A similar problem emerges: what value should be used as the x argument of the inner lambda of a? Going back to the “repeated operations”, x represents the input of the operation, in other words, the value to which the operation should be applied. Just like with the function itself, add cannot know this value when computing its result, so it must use another generic lambda that receives x.

With this, the previous two steps of extraction and replacement can be performed. The following figure shows the final definition of add in Lisp.

Note that the previous Lisp definition “replaces” the body of a into b, but the conventional definition in λ-notation is:

\[ \text{add} = \lambda ab. \lambda f. \lambda x. a\ f\ (b\ f\ x) \]

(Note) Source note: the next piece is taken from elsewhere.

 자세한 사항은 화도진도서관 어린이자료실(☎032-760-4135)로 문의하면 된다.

Which would move the body of b into a. Again, this is not an issue because addition is commutative.

6. Calling Church numerals

To further illustrate why Church numerals are functions that represent repeated operations, a call to one of them will be made below. First, a simple definition of increase, which adds one to its argument:

(define increase
  (lambda (val)
    (+ val 1)))

(increase 5)  ; Returns 6

This increase function can be used as the f argument when calling a Church numeral, and the result will be another function which applies the operation N times.

(define church-three
  (lambda (f)
    (lambda (x)
      (f (f (f x))))))

(define increase-by-three (church-three increase))

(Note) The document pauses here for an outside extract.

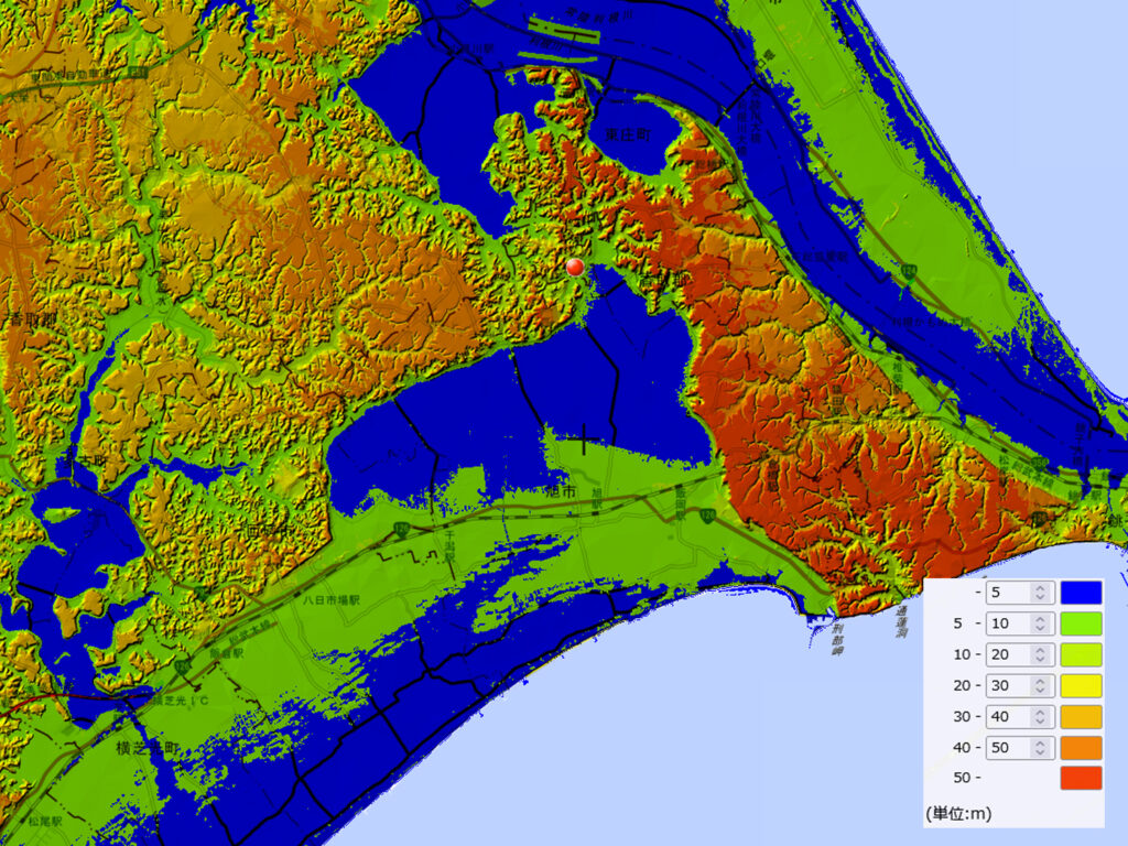 椿海は、下記の地図中央の位置にかつてあった湖です。江戸初期、江戸の食糧問題を解決するために干拓され水田となり、現在にいたります。

In the previous example, increase-by-three is a function which receives an argument x and applies increase to it 3 times. Therefore, these two expressions are equivalent:

(increase-by-three 10)               ; Returns 13
(increase (increase (increase 10)))  ; Returns 13

Naturally, this is extremely versatile, as it can be done with any functions as an argument:

(define square
  (lambda (val)
    (* val val)))

;; The following expression is equivalent to:
;;
;;   (square (square (square 3)))
;;
;; Which returns:
;;
;;   ((3^2)^2)^2 = 3^(2*2*2) = 3^8 = 6561
;;
((church-three square) 3)

Footnotes:

The expression can be simplified through currying, that is, by transforming multiple lambdas that receive one argument into a single lambda that receives multiple arguments (in this case, both \(f\) and \(x\)). The simplified definition would be \(\lambda n. \lambda f\ x. f (n f x)\).